Lost Isle - "No access by land, boat only. Therefore, NO LAW!!"  (from Mark Plawchan)

Fresno

Ewell's - "Its Got all the basics cheep booze, cheep poo, a juke box, and hot bartenders!"  (sent anonymously)

Hollywood

Boardners - "Darkly lit. Cheap drinks. Good greasy food. Dirty rock 'n' rollers. And a host of disturbing regulars whom may or may not have teeth (if you go during daylight hours)."  (from Beer Goggles)

La Verne

Nick's Place - "This place is for beer drinkers as it is a beer only establishment but liquer can be found next door and there are always people getting high out back. Friendly staff that will let you know how they feel and pool tables. One block from ULV dorms = girls. Watch out for Police station across the alley though."  (from SOADweskey)

Locke

Al The Wops - "Babes Bikers Beer in this old Chinese town of Locke. STRONG Drinks and always a party. Famous Chilly cook off in May where they close the streets for one big drunk."  (from Shitty Smitty)

Long Beach

Alex's - "Stiff drinks being served by hot female bartenders with good punk playing load all the time."  (anonymous)

Los Angeles

St. Nick's Pub - "You can smoke and no one give s a shit. Hot drunk chics 24/7, and every now and then you can even catch a fucked up celebrity there too."  (anonymous)

Los Gatos

Mountain Charlie's  (from wasted)

Black Watch  (from wasted)

Newport Beach

Goat Hill Tavern - "more beers on tap 210+ than most places; pool tables in the expansion (it was such a good place they expanded to the place next door). no dress code, plenty of parking in the back to sleep off your evening.. the rumors of hookers and drugs are just exaggerations" (from barnacle)

Palm Desert

The Red Barn - "It's a relative 'dive' in the midst of hoity-toity upscale Palm Desert. The city fathers have tried for years to get rid of it as it doesn't fit their idea of what PD is. Typical, eh?"  (from m5todd)

Palo Alto

Antonio's Nut House (aka. The Nut House) - "This bar is bitchin! Good music, strong drinks and always a good crowd. It's NOT a YUPPIE BAR, like most in the town of Palo Alto (Yuppieville USA)... Any bar where you can throw peanut shells on the ground, drink with the tenders and smoke dope in the back is alright by me....hehe... Hucklebuckers will be 86ed!"  (from The Captain's Crew)

Pinole

Antlers - "There's a stuffed moose on the wall that they make girls kiss if it's their birthday.
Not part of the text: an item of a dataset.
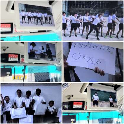 バスの中は、クラスで作成したバスレク用の動画で楽しく過ごしています。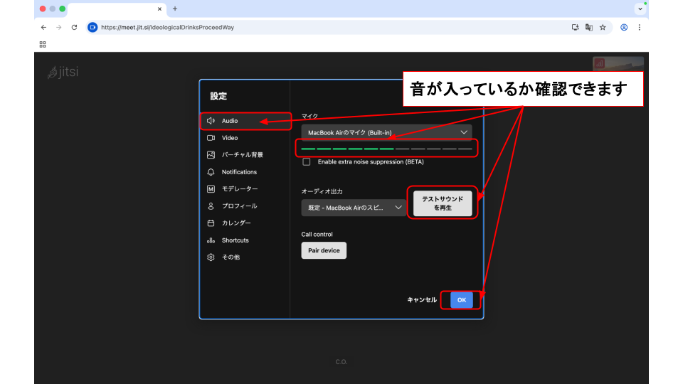 マイクのデバイス名の下にマイクのレベルメーターがあるので、声を吹き込んで反応するか試せます。また、オーディオ出力(スピーカー・デバイス名)の横にある「テストサウンドの再生」をクリックすることで、音が聞こえるかどうかテストすることができます。

Jon at the bar is a friend of mine, he gets me my drinks for free."  (from G Money)

Rio Vista

The Pink Flamingo - "Bikers are Welcome there like Gods,There is always a couple of whores there that will suck your dick for a shot of anything. At 2:00am they lock the door and party till 6:00 am. Can you hang"  (from shittysmitty)

Sacramento

The Maple Room - "It's a neighborhood dive complete with resident drunks, cops drinkin' with crooks, hot chicks and old bastards, some of whom have been comin' in for 40 years. You can legally smoke there, and the karaoke four nights a week would make Helen Keller twitch, but it's never dull. The place is a cross between TNT "We Know Drama" and USA "Characters Welcome" with a little HBO "Taxicab Confessions" thrown in. It's just cool, man." (from Big Dave)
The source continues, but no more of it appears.